* **What is needed**
Take the listing below and output it exactly, with no images.

* **Provided data**
<<<<
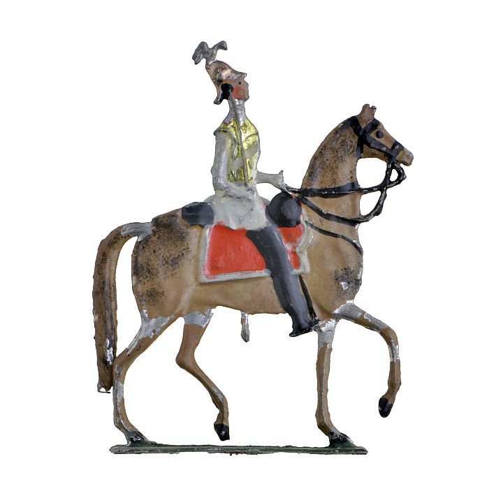 Tinnen figuur in de vorm van cavalerieofficier te paard
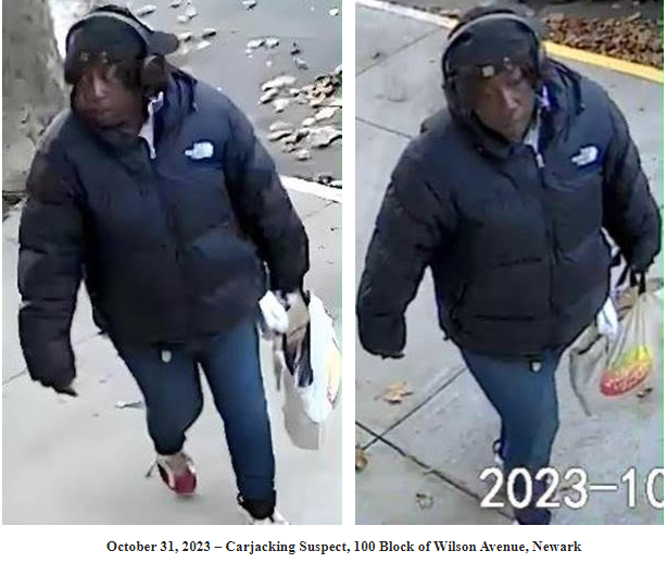Newark police issued an update with surveillance photos of a suspect in the carjacking, noting that the suspect may actually be female (see below).
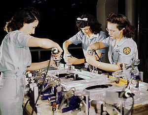 Women quickly responded to Rosie the Riveter, who convinced them that they had a patriotic duty to enter the workforce. Some claim that she forever opened the work force for women, but others dispute that point, noting that many women were discharged after the war and their jobs were given to returning servicemen.[29] These critics claim that when peace returned, few women returned to their wartime positions and instead resumed domestic vocations or transferred into sex-typed occupations such as clerical and service work.[30] For some, World War II represented a major turning point for women as they eagerly supported the war effort, but other historians emphasize that the changes were temporary and that immediately after the war was over, women were expected to return to traditional roles of wives and mothers. A third group has emphasized how the long-range significance of the changes brought about by the war provided the foundation for the contemporary woman's movement.[31] Leila J. Rupp in her study of World War II wrote "For the first time, the working woman dominated the public image. Women were riveting housewives in slacks, not mother, domestic beings, or civilizers."[32]
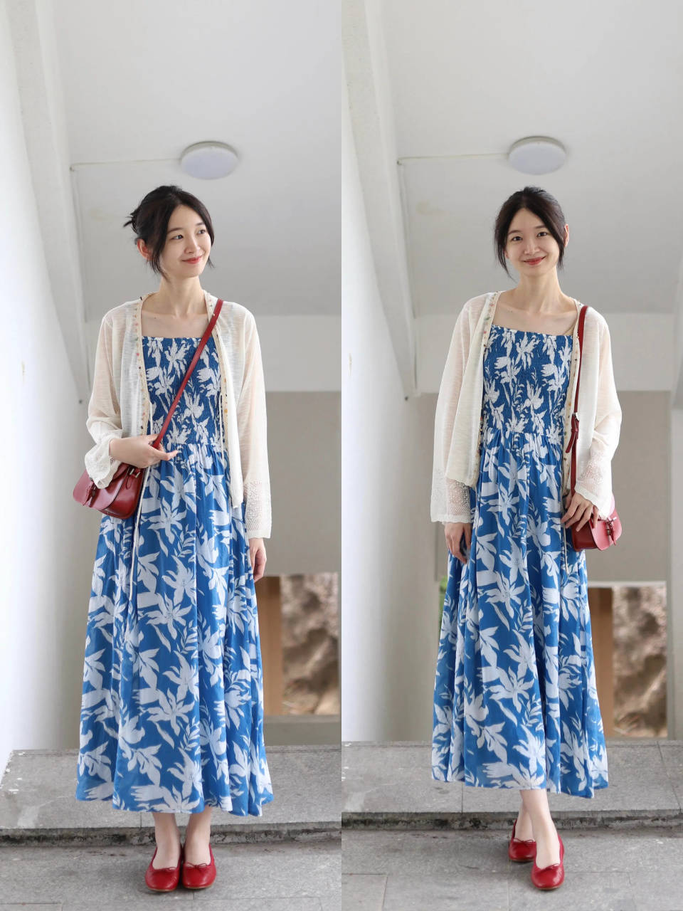 咱们还可以选择一件短款的白色针织开衫,搭配上一条印花的吊带连衣裙,脚踩红色玛丽珍鞋,外短内长的搭配方案,能使得我们的身材比例变得更协调。显高又显瘦。
>>>>
* **Response to the exercise**
 Tinnen figuur in de vorm van cavalerieofficier te paard
Newark police issued an update with surveillance photos of a suspect in the carjacking, noting that the suspect may actually be female (see below).
 Women quickly responded to Rosie the Riveter, who convinced them that they had a patriotic duty to enter the workforce. Some claim that she forever opened the work force for women, but others dispute that point, noting that many women were discharged after the war and their jobs were given to returning servicemen.[29] These critics claim that when peace returned, few women returned to their wartime positions and instead resumed domestic vocations or transferred into sex-typed occupations such as clerical and service work.[30] For some, World War II represented a major turning point for women as they eagerly supported the war effort, but other historians emphasize that the changes were temporary and that immediately after the war was over, women were expected to return to traditional roles of wives and mothers. A third group has emphasized how the long-range significance of the changes brought about by the war provided the foundation for the contemporary woman's movement.[31] Leila J. Rupp in her study of World War II wrote "For the first time, the working woman dominated the public image. Women were riveting housewives in slacks, not mother, domestic beings, or civilizers."[32]
 咱们还可以选择一件短款的白色针织开衫,搭配上一条印花的吊带连衣裙,脚踩红色玛丽珍鞋,外短内长的搭配方案,能使得我们的身材比例变得更协调。显高又显瘦。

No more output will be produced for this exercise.